Friday, January 6, 2017

TOE week 20: Jumping the 1 pixel gap



                The UV rays burn! I think I hate UV mapping or Blender’s UV tools or both. I worked on UV mapping a couple of times over the past few weeks that I haven’t been writing my producer e-mails. (AKA this blog.) I would look at UVs in Blender fight with them throw my hands up in despair and walk away. A friend of mine was coming over to work on my other project with me and have a dev day. He spent the day accomplishing things and my entire Saturday dev day was me know figuring out UVs. The stupid thing is that I already know how to UV things. In fact I recently UVed a hover craft racecar for a completely different project. Racecar’s are harder than squares. Like all I am trying to do is a plainer projection on the front of squares. Blender from what I have looked for on the internet for how to seems to indicate that Blender used to have planer but now uses project from view. Project from view means that the size of all of the objects is different every time I make the projection.
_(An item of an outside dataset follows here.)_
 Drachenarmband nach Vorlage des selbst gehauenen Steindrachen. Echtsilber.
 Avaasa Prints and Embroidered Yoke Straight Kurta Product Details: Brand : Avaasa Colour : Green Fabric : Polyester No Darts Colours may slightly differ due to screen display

And that sucks when you want your UVs to line up. 

                Meanwhile I’m also wrapping up my other project. It is called Ninja Zen and on the Google play store. I have described it as Tetris with Ninjas. So project TOE has been neglected because of the more relevant release. Also not going to lie but UVs have made wanting to work on this project increasingly difficult as mentioned above.
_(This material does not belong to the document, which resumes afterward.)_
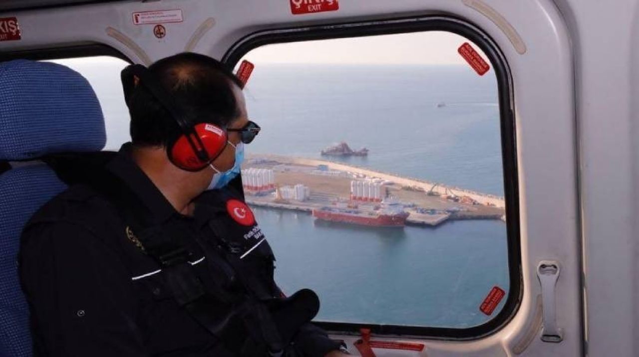 Enerji ve Tabii Kaynaklar Bakanı Dönmez "Fatih Sondaj Gemimize lojistik destek sağlayan Filyos Limanı'ndaki kıyı lojistiği genişleme çalışmalarını ve Karadeniz gazının şebekeye bağlanacağı noktayı havadan inceledik.

                So this week I got myself in gear and sat down with UV nonsense for a large chunk of time this week. About 4 days this week. I got all of the UVs lined up then got them into Unity fought with Shaders for reasons I’m not entirely clear on then connected all of the pieces together to see how well they all lined up. Looked at the seams adjusted them in Photoshop. Back to Unity got it mostly working. Super annoyed with one piece in particular. There was a 1 pixel gap between a straight piece and a hill piece. I tried everything I could think of to removed this gap. It basically shouldn’t be there. The UVs were right as far as I could tell. I didn’t want to mess with them as I could break them worse. Photoshop was right. I turned up the quality in Unity. No help. Checking boxes and turning all of the relative dials I could find and nothing. Still a 1 pixel gap. 
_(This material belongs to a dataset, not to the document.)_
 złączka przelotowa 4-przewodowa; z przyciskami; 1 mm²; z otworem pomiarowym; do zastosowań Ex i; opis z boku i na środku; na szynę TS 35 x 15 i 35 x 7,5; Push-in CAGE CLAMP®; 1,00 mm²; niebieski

                My wife told me to quit. It isn’t a big deal. The stupid thing was, it was a BIG deal, to me. This 1 pixel gap was haunting me. The words of advice from Extra Credits ran through my mind “If you are working on something for an hour and it doesn’t go well move on figure it out later.” Good advice. Screw THAT! I joined two Facebook Unity Dev groups. Posted my problem got back three different possible answers. I tried all three and none of them worked. That is when it clicked. It wasn’t in the UVs I thought. I opened Blender and looked at the model. I snapped the two pieces together and looked at their vertexes. Sure enough they didn’t line up. They were off by something stupid like .0012. Rejiggered the vertexes a little used blender’s snap to vertex tool and opened Untiy and BAM! No more 1 pixel gap. Victory yay. Was it worth it? I don’t know.

                As far as learning how to solve problems goes it was clearly worth it. If you try everything to fix a problem and everything fails there is power in that failure. You now know that thing that you think is the problems is actually not the problem.  Knowing where the problem is, is halfway to solving it.
                   Above is the very simple squares that I UVed. Squares that were a pain!
https://scontent.fsnc1-3.fna.fbcdn.net/v/t1.0-9/12963763_10154273491962214_5655090236786102236_n.jpg?oh=e26f6020d41b01b420d1c46e7ad77ef4&oe=58D7ED92
 More complicated race car. This object was easier for me to UV.... I need to get a copy of Max or Maya.